Many researchers [19,20] have noted that age is one factor affecting insulin sensitivity and that with an increase in age, there is a progressive increase in IR . In the present study, there was no significant difference in age of mother in all the case groups (p>0.05). Age matched cases and controls were taken in order to remove one of the main confounding factor.
The present study looks at the status of IR in different trimesters of pregnancy. The average period of gestation in each groups were 10.4±0.82 weeks, 16.35±0.93 weeks and 34.35±2.76 weeks for groups I, II and III respectively. Diseases such as hypertension, diabetes, etc are associated with presence of IR [21]. Such subjects were excluded from study to remove the bias. No significant difference in FPG concentration was seen amongst all the study groups. Also, FSI concentration were significantly lower in controls when compared to cases in groups II and III. Non-significant but higher levels of FSI were noted in group I when compared with controls.
Serum insulin levels were significantly higher in 3rd trimester when compared with 2nd trimester and those of the 2nd trimester were significantly higher when compared with 1st trimester (p<0.05). These findings therefore suggest that there is progressive rise in insulin secretion as the pregnancy advances, indirectly signifying an increase in IR as the pregnancy advances.

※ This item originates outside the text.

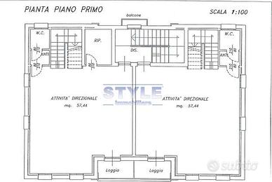 La soluzione è disposta su tre livelli. Al piano terra si trova un unico ufficio di oltre 130 mq mentre al piano primo si trovano due uffici di circa 65 mq l'uno insieme ad un ultimo piano mansardato di oltre 50 mq. Tutte le soluzioni sono provviste di magazzini, ripostigli, antibagni e bagni.

Similar finding had been reported by Stanley K et al., [12]. Catalano P et al., found significant 65% increase in both basal insulin and C-peptide concentrations in all subjects with advancing gestation [22]. In the present study, it was observed that the mean fasting insulin levels were 61% higher in 3rd trimester and 29% higher in 2nd trimester of pregnancy when compared with non-pregnant controls.
The mean plasma glucose concentrations in all study groups are not significantly different but there is a significant decrease in FGIR in 3rd trimester when compared with controls. It shows increase in insulin requirement to maintain the similar plasma glucose concentration in women of group III [23]. In the study done by Buchanan T et al., researchers found that there is gradual decline in insulin sensitivity as the pregnancy advances. So the amount of insulin produced in response to glucose concentration also gradually increases [24]. In normal pregnancy, there is an approximate 50% decrease in insulin-mediated glucose disposal and a 200% to 250% increase in insulin secretion to maintain euglycemia in the mother [25].
QUICKI has proved to be a versatile tool in measuring IR. It has shown linear relation with other gold standard technique such as euglycemic hyperinsulinemic clamp testing, frequently sampled intravenous glucose tolerance test (FSIVGTT) [17,23,26]. In this study, significantly lower levels of QUICKI were obtained in 2nd and 3rd trimester as compared with non-pregnant controls thus suggesting the presence of IR .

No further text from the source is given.